I enjoyed reading your article and test results.  I especially appreciate your empirical evidence to substantiate what is largely hearsay evidence in other articles (“… up to 20% improvement with alignment”, “… as much as 30% improvement with alignment”, etc. – but no documented proof).  I can buy into the value of disk volume alignment, based on the descriptions of the phenomena and proposed solutions.  I have an easier time selling it to colleagues with the evidence and conditions you and others presented above.

The tests in your article use unaligned partition / volume offsets of 63.5 KB and 64.5 KB, but do not use the most common unaligned partition / volume offset: the default starting offset of 63 sectors (32,256 bytes or 31.5 KB).  Any interest in retesting to include that most common unaligned partition / volume offset size?

You didn't mention the storage frame vendor / model used in the tests, possibly to avoid the appearance of recommending a brand or model.  However, it would be useful to know the vendor-recommended alignment value (I assume the stated 64 KB alignment value is vendor recommended for the storage frame model used in the tests, and not drawn from other conclusions) and characteristics that determine the chosen alignment value (logical track size, stripe size, other storage frame caching issues, etc.), which is often mentioned in the vendor recommendation for disk volume alignment value.

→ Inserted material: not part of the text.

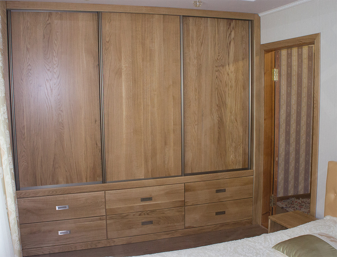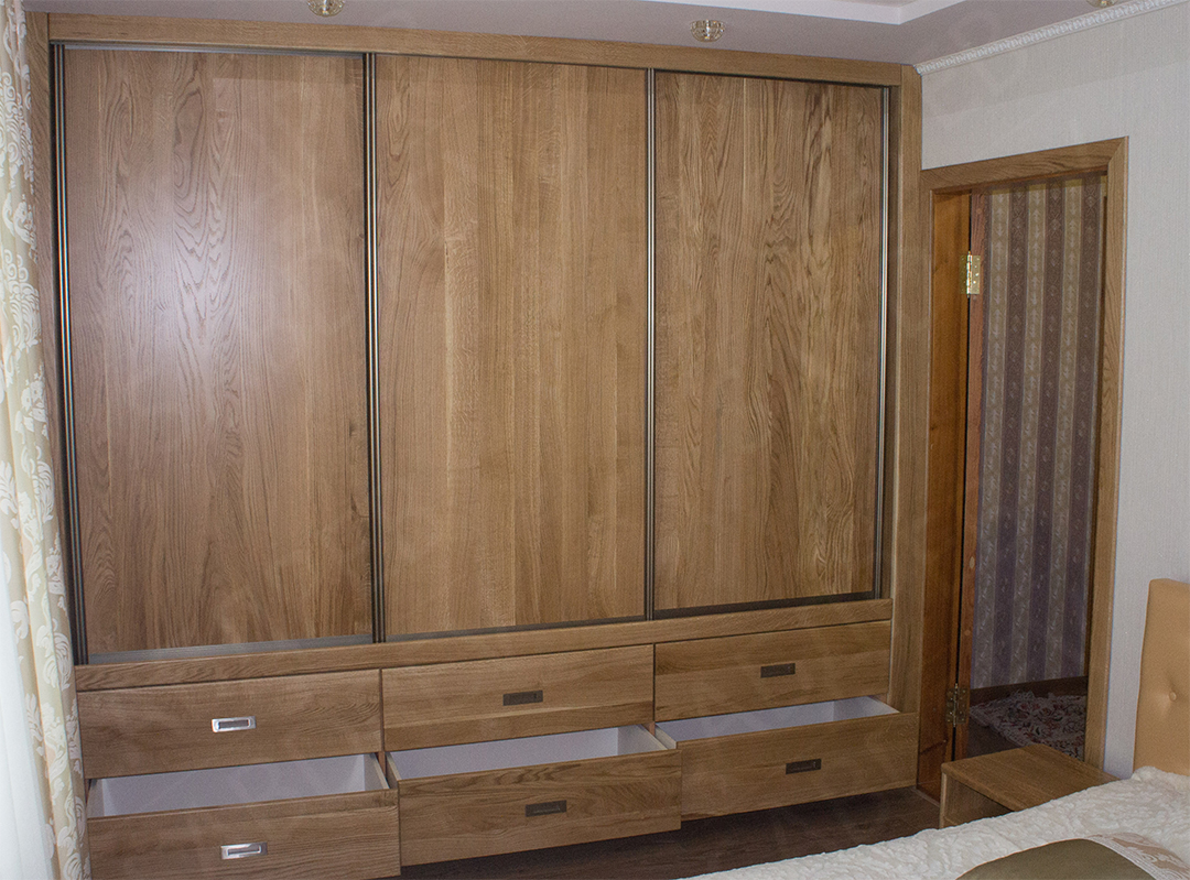 Шкаф купе из массива Дуба. Внутренняя часть корпуса из ЛДСП “Egger” Фасад из алюминиевого профиля Цвета “Шампань” и вставок из массива дуба. Направляющие выдвижных ящиков “Blum”

I have observed that different storage vendors and storage frame models have different recommended alignment values - some at 32 KB, some at 64 KB, some higher or dependent on other factors (like configurable stripe size).  These vendor recommendations appear to be stated as minimum values ("not less than...") and most often as binary-multiple values (32 KB, 64 KB, etc.), based on the assumption that storage frame caching and logical track lengths are often managed as binary-multiple sized values.  Variation of alignment values between storage frame models can make the choice of an appropriate alignment value more challenging, and possibly result in choosing inappropriate values.  I have recently chosen to use a large-enough binary-multiple value of 1 MB (1,048,576 bytes or 2,048 sector offset), which also happens to be an aligned value for all smaller binary-multiple values such as 512 KB, 256 KB, 128 KB, 64 KB, 32 KB, etc.  This single alignment value may serve to simplify the disk volume alignment process across multiple storage frame models (possibly with different vendor recommendations).  Any comments on this approach, or interest in retesting with 1 MB alignment?

Keep up the good work!

February 21, 2007 10:27 PM
 

Linchi Shea said:

Scott;

Thanks for the comments! I have actually tested the 63K offset and various offsets around 32K . I chose to exclude the results to limit the size of this blog entry. I wanted each blog entry to address a specific topic that would not require a lengthy and convoluted discussion.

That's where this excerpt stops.